I think it might be better if we take a step back and paint a broader picture of where we want this to be in a few months. in #40964 (comment 2860430) you did a good job at presenting your needs and current infrastructure, but I'd like to see if we can push that idea a bit further...

If you could spec out the 2 or 3 (or 4?) servers you will actually need for the 2-3 next years, then we could see how we implement this. tb-build-04 and -05 have worked well as a stopgap measure to allow you to iterate much faster, and i really like that, but they're going to cost us hell if we pile up more resources on there... they charge prime money for those little extras at hetzner...

I understand 2-3 years is a big ask: it's hard to plan that far. If you want, just look at the next 6 months or something. Also feel free to say "i just want three tb-build-04 with 10TB of disk each, ktxbye", that works too, but then I would worry a little that you'd be in the same situation again in 6 months... ;)

Also keep in mind we're going to setup a huge, high performance cluster in January. The roadmap for that is here:

https://gitlab.torproject.org/groups/tpo/tpa/-/milestones/2#tab-issues

We'd be happy to host you there. You might also want to look at the specs of those new machines here:

https://gitlab.torproject.org/tpo/tpa/team/-/wikis/policy/tpa-rfc-43-cymru-migration-plan#hardware-acquisition

So I don't really have preferences about how/where the machines are allocated. I am a bit hesitant to say yeah totally colocate the build machines with other tor stuff, just because Firefox builds can be a bit greedy w/ respect to resources (I don't want to reduce perf of other TPO services while doing builds).

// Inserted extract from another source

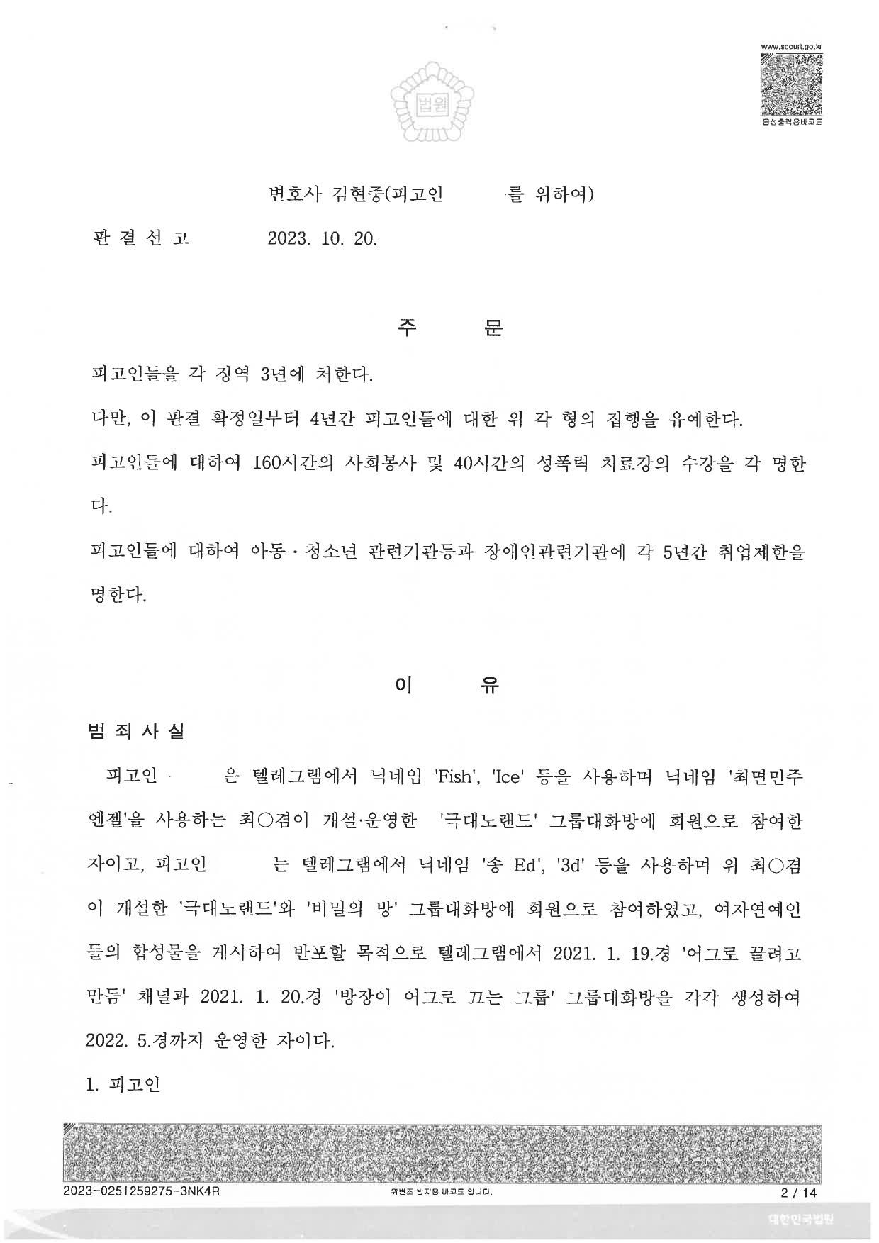 아청물 제작 및 유포, 불법촬영물 유포, 허위영상물 제작 및 유포, 음란말 유포 혐의로 입건 되었습니다.

In terms #goals of what I'd like to see over the next several years:

sufficient remote build resources for devs: currently met with the hetzner servers given the current team size;
- historically we've basically had the implicit assumption that browser devs have sufficient spare hardware laying around to do cross-platform development, build verification, etc.
- Unfortunately this kind of need is more spikey rather than consistent (ie the team may be working entirely on general desktop features in which case local linux dev-builds are fine, other times people may be working on bugs/features specific to other platforms in which case the build machines make everything a lot easier).
- The tb-build-04 server is fast enough for this sort of dev work, and the Android situation has improved a bit with some software/build changes and improvements (tor-browser-build improvements as well as local Android dev build improvements)
- tb-build-04/05 are absolutely invaluable for releases
nightly builds: as mentioned in the other ticket, our current nightly/test machine cannot do all the nightly builds within a day which makes us sad
test infra: also described in the other ticket; long term I want to be able to run some fraction of Mozilla's Firefox test suite on each desktop platform (Linux i686+x86_64; Windows i686+x86_64, macOS x86_64+aarch64) automatically as part of nightlies and on-demand for alpha and stable releases. Even longer term I'd like the same for android, but that's a ways away.

Richard Pospesel commented:

So I don't really have preferences about how/where the machines are allocated. I am a bit hesitant to say yeah totally colocate the build machines with other tor stuff, just because Firefox builds can be a bit greedy w/ respect to resources (I don't want to reduce perf of other TPO services while doing builds).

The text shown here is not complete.